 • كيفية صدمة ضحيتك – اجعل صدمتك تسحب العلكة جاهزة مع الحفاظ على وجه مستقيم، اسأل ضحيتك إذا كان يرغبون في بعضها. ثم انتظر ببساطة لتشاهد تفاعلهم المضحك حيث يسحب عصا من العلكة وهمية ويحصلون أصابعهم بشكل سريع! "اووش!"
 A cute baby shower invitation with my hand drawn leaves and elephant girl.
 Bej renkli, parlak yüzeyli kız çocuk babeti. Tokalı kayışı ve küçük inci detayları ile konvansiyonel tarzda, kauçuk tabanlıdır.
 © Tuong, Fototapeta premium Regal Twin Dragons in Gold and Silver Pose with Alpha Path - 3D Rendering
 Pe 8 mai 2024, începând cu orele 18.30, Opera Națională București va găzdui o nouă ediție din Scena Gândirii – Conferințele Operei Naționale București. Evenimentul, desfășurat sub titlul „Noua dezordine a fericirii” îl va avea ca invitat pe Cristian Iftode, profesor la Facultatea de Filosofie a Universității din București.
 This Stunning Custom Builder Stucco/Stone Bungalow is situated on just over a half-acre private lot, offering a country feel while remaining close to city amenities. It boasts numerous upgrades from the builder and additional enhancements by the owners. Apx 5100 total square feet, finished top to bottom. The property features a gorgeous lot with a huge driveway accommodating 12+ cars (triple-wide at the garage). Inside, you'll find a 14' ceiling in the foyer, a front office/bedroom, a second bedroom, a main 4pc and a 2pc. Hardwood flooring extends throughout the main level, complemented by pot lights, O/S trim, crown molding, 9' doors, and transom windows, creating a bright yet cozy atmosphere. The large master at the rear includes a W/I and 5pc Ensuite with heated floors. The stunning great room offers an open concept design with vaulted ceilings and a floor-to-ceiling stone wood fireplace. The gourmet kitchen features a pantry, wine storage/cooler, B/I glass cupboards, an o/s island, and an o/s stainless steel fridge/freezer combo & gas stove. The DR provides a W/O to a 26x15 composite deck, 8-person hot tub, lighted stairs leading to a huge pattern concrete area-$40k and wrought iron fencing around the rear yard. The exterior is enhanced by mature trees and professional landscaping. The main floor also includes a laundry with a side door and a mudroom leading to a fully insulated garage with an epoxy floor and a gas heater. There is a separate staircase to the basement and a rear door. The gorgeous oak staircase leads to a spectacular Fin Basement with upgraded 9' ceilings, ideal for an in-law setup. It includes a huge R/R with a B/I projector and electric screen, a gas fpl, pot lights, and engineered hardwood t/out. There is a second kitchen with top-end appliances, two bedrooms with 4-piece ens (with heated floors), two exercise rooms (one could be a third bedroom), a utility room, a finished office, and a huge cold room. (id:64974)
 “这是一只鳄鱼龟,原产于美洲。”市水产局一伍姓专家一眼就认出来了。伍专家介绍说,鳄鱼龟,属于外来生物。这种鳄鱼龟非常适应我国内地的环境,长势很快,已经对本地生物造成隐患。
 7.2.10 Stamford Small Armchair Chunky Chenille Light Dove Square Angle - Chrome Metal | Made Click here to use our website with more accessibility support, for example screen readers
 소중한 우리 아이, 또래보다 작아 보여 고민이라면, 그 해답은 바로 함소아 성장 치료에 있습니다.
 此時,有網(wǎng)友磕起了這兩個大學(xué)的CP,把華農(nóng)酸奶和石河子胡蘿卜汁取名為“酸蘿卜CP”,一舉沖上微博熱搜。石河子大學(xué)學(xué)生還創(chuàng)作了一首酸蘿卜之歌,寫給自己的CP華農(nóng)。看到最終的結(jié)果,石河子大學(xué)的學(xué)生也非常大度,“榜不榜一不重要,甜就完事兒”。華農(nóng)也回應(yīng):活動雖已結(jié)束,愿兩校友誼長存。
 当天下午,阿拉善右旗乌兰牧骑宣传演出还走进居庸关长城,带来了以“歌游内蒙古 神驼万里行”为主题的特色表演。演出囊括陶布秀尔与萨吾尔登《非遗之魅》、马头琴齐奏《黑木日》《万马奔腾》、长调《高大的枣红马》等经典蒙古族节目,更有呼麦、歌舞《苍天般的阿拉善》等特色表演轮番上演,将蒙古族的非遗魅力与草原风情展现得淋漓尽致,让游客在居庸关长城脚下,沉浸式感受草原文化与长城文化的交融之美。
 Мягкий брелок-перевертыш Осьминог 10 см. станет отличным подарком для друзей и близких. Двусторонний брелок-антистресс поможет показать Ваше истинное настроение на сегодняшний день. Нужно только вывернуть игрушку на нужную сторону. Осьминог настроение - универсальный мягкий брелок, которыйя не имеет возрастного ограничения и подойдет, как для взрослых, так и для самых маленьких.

****************

> [Work required]: Every piece of the data must be set down exactly. Omit nothing.

> [Result for this exercise]:
 • كيفية صدمة ضحيتك – اجعل صدمتك تسحب العلكة جاهزة مع الحفاظ على وجه مستقيم، اسأل ضحيتك إذا كان يرغبون في بعضها. ثم انتظر ببساطة لتشاهد تفاعلهم المضحك حيث يسحب عصا من العلكة وهمية ويحصلون أصابعهم بشكل سريع! "اووش!"
 A cute baby shower invitation with my hand drawn leaves and elephant girl.
 Bej renkli, parlak yüzeyli kız çocuk babeti. Tokalı kayışı ve küçük inci detayları ile konvansiyonel tarzda, kauçuk tabanlıdır.
 © Tuong, Fototapeta premium Regal Twin Dragons in Gold and Silver Pose with Alpha Path - 3D Rendering
 Pe 8 mai 2024, începând cu orele 18.30, Opera Națională București va găzdui o nouă ediție din Scena Gândirii – Conferințele Operei Naționale București. Evenimentul, desfășurat sub titlul „Noua dezordine a fericirii” îl va avea ca invitat pe Cristian Iftode, profesor la Facultatea de Filosofie a Universității din București.
 This Stunning Custom Builder Stucco/Stone Bungalow is situated on just over a half-acre private lot, offering a country feel while remaining close to city amenities. It boasts numerous upgrades from the builder and additional enhancements by the owners. Apx 5100 total square feet, finished top to bottom. The property features a gorgeous lot with a huge driveway accommodating 12+ cars (triple-wide at the garage). Inside, you'll find a 14' ceiling in the foyer, a front office/bedroom, a second bedroom, a main 4pc and a 2pc. Hardwood flooring extends throughout the main level, complemented by pot lights, O/S trim, crown molding, 9' doors, and transom windows, creating a bright yet cozy atmosphere. The large master at the rear includes a W/I and 5pc Ensuite with heated floors. The stunning great room offers an open concept design with vaulted ceilings and a floor-to-ceiling stone wood fireplace. The gourmet kitchen features a pantry, wine storage/cooler, B/I glass cupboards, an o/s island, and an o/s stainless steel fridge/freezer combo & gas stove. The DR provides a W/O to a 26x15 composite deck, 8-person hot tub, lighted stairs leading to a huge pattern concrete area-$40k and wrought iron fencing around the rear yard. The exterior is enhanced by mature trees and professional landscaping. The main floor also includes a laundry with a side door and a mudroom leading to a fully insulated garage with an epoxy floor and a gas heater. There is a separate staircase to the basement and a rear door. The gorgeous oak staircase leads to a spectacular Fin Basement with upgraded 9' ceilings, ideal for an in-law setup. It includes a huge R/R with a B/I projector and electric screen, a gas fpl, pot lights, and engineered hardwood t/out. There is a second kitchen with top-end appliances, two bedrooms with 4-piece ens (with heated floors), two exercise rooms (one could be a third bedroom), a utility room, a finished office, and a huge cold room. (id:64974)
 “这是一只鳄鱼龟,原产于美洲。”市水产局一伍姓专家一眼就认出来了。伍专家介绍说,鳄鱼龟,属于外来生物。这种鳄鱼龟非常适应我国内地的环境,长势很快,已经对本地生物造成隐患。
 7.2.10 Stamford Small Armchair Chunky Chenille Light Dove Square Angle - Chrome Metal | Made Click here to use our website with more accessibility support, for example screen readers
 소중한 우리 아이, 또래보다 작아 보여 고민이라면, 그 해답은 바로 함소아 성장 치료에 있습니다.
 此時,有網(wǎng)友磕起了這兩個大學(xué)的CP,把華農(nóng)酸奶和石河子胡蘿卜汁取名為“酸蘿卜CP”,一舉沖上微博熱搜。石河子大學(xué)學(xué)生還創(chuàng)作了一首酸蘿卜之歌,寫給自己的CP華農(nóng)。看到最終的結(jié)果,石河子大學(xué)的學(xué)生也非常大度,“榜不榜一不重要,甜就完事兒”。華農(nóng)也回應(yīng):活動雖已結(jié)束,愿兩校友誼長存。
 当天下午,阿拉善右旗乌兰牧骑宣传演出还走进居庸关长城,带来了以“歌游内蒙古 神驼万里行”为主题的特色表演。演出囊括陶布秀尔与萨吾尔登《非遗之魅》、马头琴齐奏《黑木日》《万马奔腾》、长调《高大的枣红马》等经典蒙古族节目,更有呼麦、歌舞《苍天般的阿拉善》等特色表演轮番上演,将蒙古族的非遗魅力与草原风情展现得淋漓尽致,让游客在居庸关长城脚下,沉浸式感受草原文化与长城文化的交融之美。
 Мягкий брелок-перевертыш Осьминог 10 см. станет отличным подарком для друзей и близких. Двусторонний брелок-антистресс поможет показать Ваше истинное настроение на сегодняшний день. Нужно только вывернуть игрушку на нужную сторону. Осьминог настроение - универсальный мягкий брелок, которыйя не имеет возрастного ограничения и подойдет, как для взрослых, так и для самых маленьких.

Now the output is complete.